To Adalja, the main takeaway is that anyone who’s had a significant known exposure — test or no test — must self-quarantine for 14 days.

A test should not be the only indicator if a person has to self-quarantine or not as it only captures one day during the virus’s potential incubation period.

“If you test negative 4 days after exposure, you still have 10 more days on your incubation period, so a negative test wouldn’t clear you out of quarantine,” Adalja said.

The recommendation to self-quarantine for 14 days would be the same regardless of a person’s test result, he added.

“I think what’s getting lost is that sometimes people don’t realize that all significant exposures are to self-quarantine,” Adalja said.

Adalja says states and local health authorities must develop their own testing policies regarding significant exposures.

“If their own analysis of the situation is they want to continue to aggressively test significant exposures in a contact trace investigation, I think they should go ahead and do that and not change anything that they’re doing based on this guidance,” Adalja said.

He’s never been for reflexively testing every and anyone who’s potentially been exposed, due to the inevitable need to self-quarantine, but says there is a role for testing people who’ve had a significant exposure.

And if you personally want to get tested, it’s up to you.

If you know you’ve been exposed to someone with COVID-19, talk to your doctor or local health official.

“It doesn’t hurt them to get tested if they think they [had] significant exposure or for whatever reason that they want to be tested,” Adalja said.

Already the governors of New York and California said they would not follow the new CDC guidelines.

“We are influenced by experts in the field who feel different,” California Governor Gavin Newsom said at a press conference today. “That is not the policy guideline that we will adopt in the state of California.”

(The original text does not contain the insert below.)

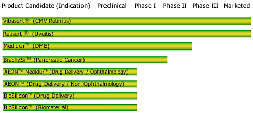 pSivida besitzt die Rechte für die Entwicklung und kommerzielle Verwertung einer modifizierten Form von Silizium (poröses oder nanostrukturiertes Silizium), bekannt als BioSilicon™, das in den Bereichen Medikamentenapplikationen, Wundheilung, Orthopädie und Tissue Engineering zur Anwendung kommt. Das am weitesten fortgeschrittene BioSilicon™ Produkt, BrachySil™, transportiert den therapeutischen Wirkstoff P32 direkt in festes Tumorgewebe. Das Produkt befindet sich derzeit in klinischen Phase II-Studien zur Behandlung von Leber- und Bauchspeicheldrüsenkrebs.

New York Governor Andrew Cuomo called the guidelines “indefensible,” according to CNBC.

“We’re not going to follow the CDC guidance. I consider it political propaganda. I would caution private companies against following the CDC guidance. I think it is wholly indefensible on its face. I think it is inherently self-contradictory. It is the exact opposite of what the CDC has been saying,” Cuomo said on a conference call with reporters, according to CNBC. “So either the CDC is schizophrenic or they are admitting error in their first position or this is just political dictations.”

The Centers for Disease Control and Prevention (CDC) is now advising that most people who’ve been exposed to COVID-19 but don’t have symptoms may not need to be tested.

Previously, the CDC recommended that anyone who’d recently had a known exposure ought to be tested. Health experts are puzzled by the change, and suggest that states develop their own testing protocols.